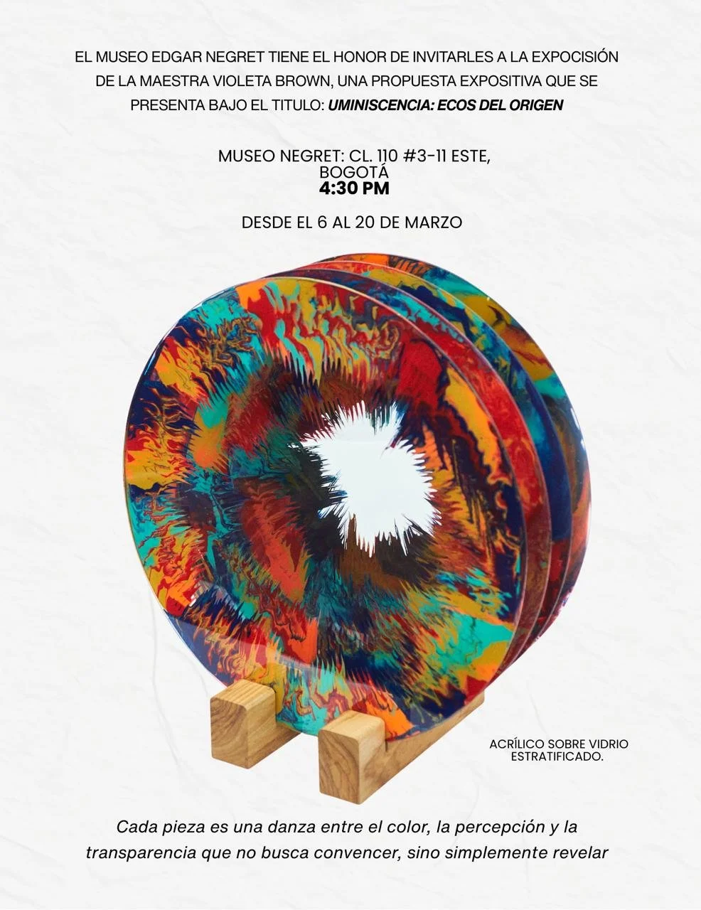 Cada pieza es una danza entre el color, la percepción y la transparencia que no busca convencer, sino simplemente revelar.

==========

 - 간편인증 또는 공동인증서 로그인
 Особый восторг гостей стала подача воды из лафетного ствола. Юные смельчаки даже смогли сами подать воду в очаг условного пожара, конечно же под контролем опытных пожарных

==========

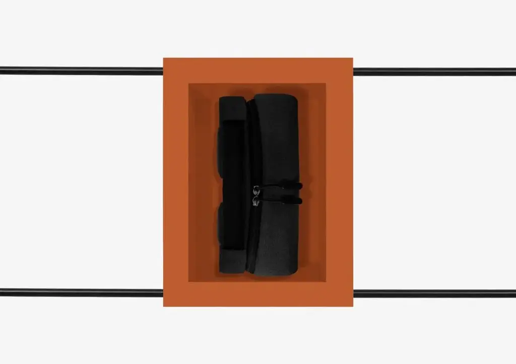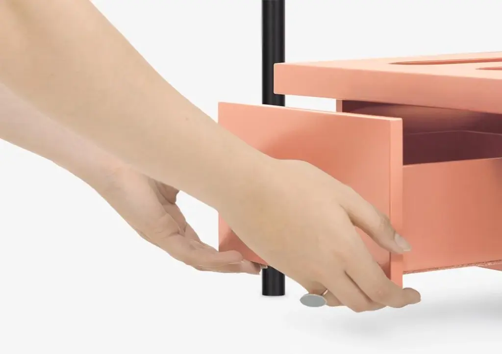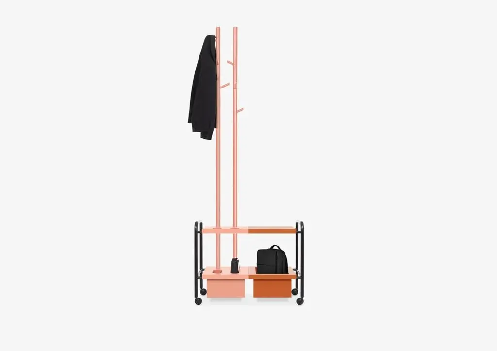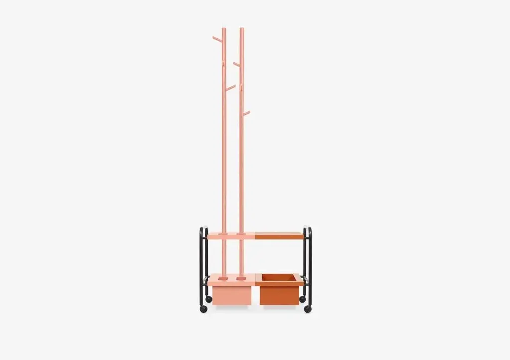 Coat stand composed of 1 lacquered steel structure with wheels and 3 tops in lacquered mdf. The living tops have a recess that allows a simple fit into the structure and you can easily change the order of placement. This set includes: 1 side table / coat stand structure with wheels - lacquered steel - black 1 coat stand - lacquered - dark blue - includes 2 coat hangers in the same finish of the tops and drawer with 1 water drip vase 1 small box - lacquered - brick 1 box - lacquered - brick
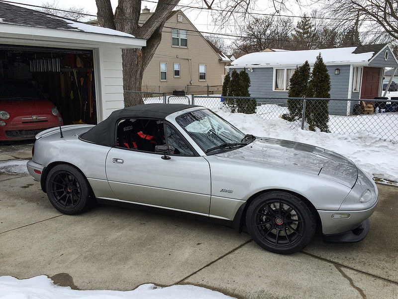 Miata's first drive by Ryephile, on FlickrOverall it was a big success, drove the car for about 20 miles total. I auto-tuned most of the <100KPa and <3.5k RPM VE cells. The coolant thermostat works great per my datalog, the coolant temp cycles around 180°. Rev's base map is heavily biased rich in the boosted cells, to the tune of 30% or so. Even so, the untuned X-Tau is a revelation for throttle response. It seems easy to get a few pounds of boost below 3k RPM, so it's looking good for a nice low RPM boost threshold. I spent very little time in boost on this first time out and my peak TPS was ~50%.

==========

Begin with the line that has "- 간편인증 또는 공동인증서 로그인" in the listing above and end after the line that has "Особый восторг гостей"; output those lines exactly.

## ANSWER TO THIS EXERCISE
 - 간편인증 또는 공동인증서 로그인
 Особый восторг гостей стала подача воды из лафетного ствола. Юные смельчаки даже смогли сами подать воду в очаг условного пожара, конечно же под контролем опытных пожарных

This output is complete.